The postconviction court correctly found that Johnson's third motion was facially insufficient under rule 3.801 as it failed to contain the information required by rule 3.801(c). However, Johnson's second motion did contain this information as well as a proper oath and the certification required by rule 3.850(n). See Fla. R.Crim. P. 3.801(e). Thus, the second motion was in fact facially sufficient. Significantly, the second motion did not state a claim for out-of-state jail credit. Rather, Johnson sought credit from June 20, 2014, the date he was transferred from Arkansas custody into Florida custody, to November 19, 2014, the date he was sentenced after violating his probation by committing a new offense in Arkansas.1 Consequently, the postconviction court erred in dismissing Johnson's second motion as stating a claim for out-of-state jail credit.

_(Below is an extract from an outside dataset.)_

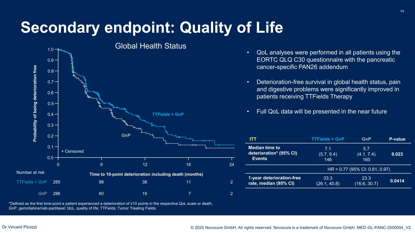 PRESENTED BY: © 2025 Novocure GmbH. All rights reserved. Novocure is a trademark of Novocure GmbH. MED-GL-PANC-2500004_V2. Secondary endpoint: pain-free survival* 13 CI, confidence interval; GnP, gemcitabine/nab-paclitaxel; HR, hazard ratio; ITT, intent-to-treat population; TTFields, Tumor Treating Fields; VAS, visual analogue scale. *Pain-free survival was defined as the time to a ≥ 20-point increase from baseline on a patient-reported visual analogue scale (VAS) for pain or death ITT population 1.0 0.9 0.8 0.7 0.6 0.5 0.4 0.3 0.2 0.1 0.0 0 12 186 285 758122 25 286 430 1298 TTFields + GnP GnP + Censored Number at risk TTFields + GnP GnP P ro b a b il it y o f p a in -f re e s u rv iv a l Months 24 ITT TTFields + GnP GnP P-value Median pain-free survival (95% CI) Events 15.2 (10.3, 22.8) 102 9.1 (7.4, 12.7) 110 0.027 HR = 0.74 (95% CI: 0.56, 0.97) 1-year pain-free survival rate, Median (95% CI) 54.1 (46.2, 61.3) 45.1 (36.8, 53.0) 0.056 Dr Vincent Picozzi

A similar situation occurred in James v. State, 185 So.3d 649 (Fla. 2d DCA 2016). James's retained counsel filed a rule 3.850 motion that did not contain a proper oath. Id. at 650. The postconviction court struck the motion with leave to amend within sixty days. Id. James's counsel filed a second motion that contained the proper oath but not the certification required by rule 3.850(n)(2) that James could understand English. Id. However, the certification had been included in the original motion. Id. The trial court struck the motion and gave James another sixty days to amend. Id. After James filed a second amended motion which again contained the proper oath but lacked the necessary language certification, the trial court denied the motion with prejudice. Id. Under the unique circumstances of the case, and without condoning piecemeal compliance with pleading requirements, this court reversed and remanded for the postconviction court to address James's claims. Id. at 651. This court based its decision on the principles that “resolution of a case on its merits is preferred and postconviction relief proceedings must provide meaningful access to the judicial process.” Id. (citing Smith v. State, 100 So.3d 201, 202 (Fla. 2d DCA 2012)).

These principles apply even more to the present appeal because Johnson's second motion stated a facially sufficient claim for in-state jail credit. Accordingly, we reverse the order denying Johnson's third motion for jail credit and remand for the postconviction court to address Johnson's claim for jail credit in his second motion (filed on October 28, 2015) as modified by his third motion (filed on November 24, 2015).

Reversed and remanded.

FOOTNOTES

1.  In his third motion, Johnson modified the dates for which he was seeking jail credit to from June 26, 2014, to November 19, 2014.

PER CURIAM.

WALLACE, SLEET, and BADALAMENTI, JJ., Concur.